Повесть о том, как возникают сюжеты - [227]

Шрифт
Интервал

«Что это было? — тихо спросил меня один из интендантов. — Налет вражеской авиации? Воздушный бой?»

«Нет, — ответил я, — воздушная трасса свободна от противника».

«Что же это было?»

«Ничего особенного, — сказал я, — летчик А. пикнул на бабку».

На лицах интендантов не было кровинки, что я заметил не без злорадства. Они покинули прифронтовой аэродром, навсегда сохранив о «ТБ-три» дурную память. Я же остался с летчиками, пригласившими меня пить спирт.

Спирт, тебе, верно, известно, можно разбавлять пятьдесят на пятьдесят, это будет вполне, но к концу войны, не знаю, как у вас на Балтике, но у нас, на Севере, многим летчикам и подводникам, нуждавшимся в так называемом допинге, этого стало мало, и они предпочитали, по возможности, чистый спирт, что и произошло в это хмурое, но, скажу тебе, симпатичнейшее полярное утро.

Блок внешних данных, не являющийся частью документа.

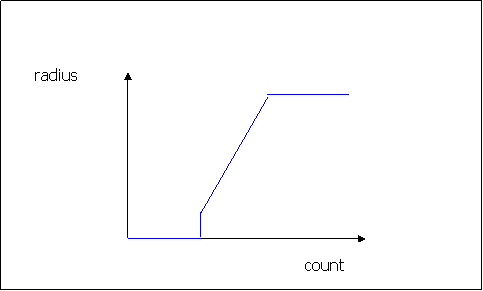 Here is a mapping used to calculate radius of sphere given the contact counting. The triangle which is contacted more often will have larger sphere on it.

Неразбавленный спирт пили и, чтобы не захватывало дыхание, тут же запивали водой. Летчики, якобы равнодушно поглядывая на меня, на самом деле жадно ждали — как я буду задыхаться и выкатывать глаза.

Но я, мой дружочек, памятуя, что представляю всю славную русскую литературу, пил спирт медленно, даже чересчур медленно, так же неторопливо запил водичкой и еще неторопливей — даже степенно — закусил открытыми для этого случая любимыми твоими консервами, бычки в томате, теми самыми, в которых отказали Зонину надменные интенданты. Это опять понравилось. И летчик А. поднял тост за советскую литературу и в ее лице за Юрия Германа, которого он до сей поры, к величайшему сожалению, не читал, как, скажем, Чехова, Толстого или, например, доктора Фридланда[5] «За закрытой дверью», поскольку Герман как-то не попадался, но зато теперь прочтет обязательно, и весь экипаж — тоже.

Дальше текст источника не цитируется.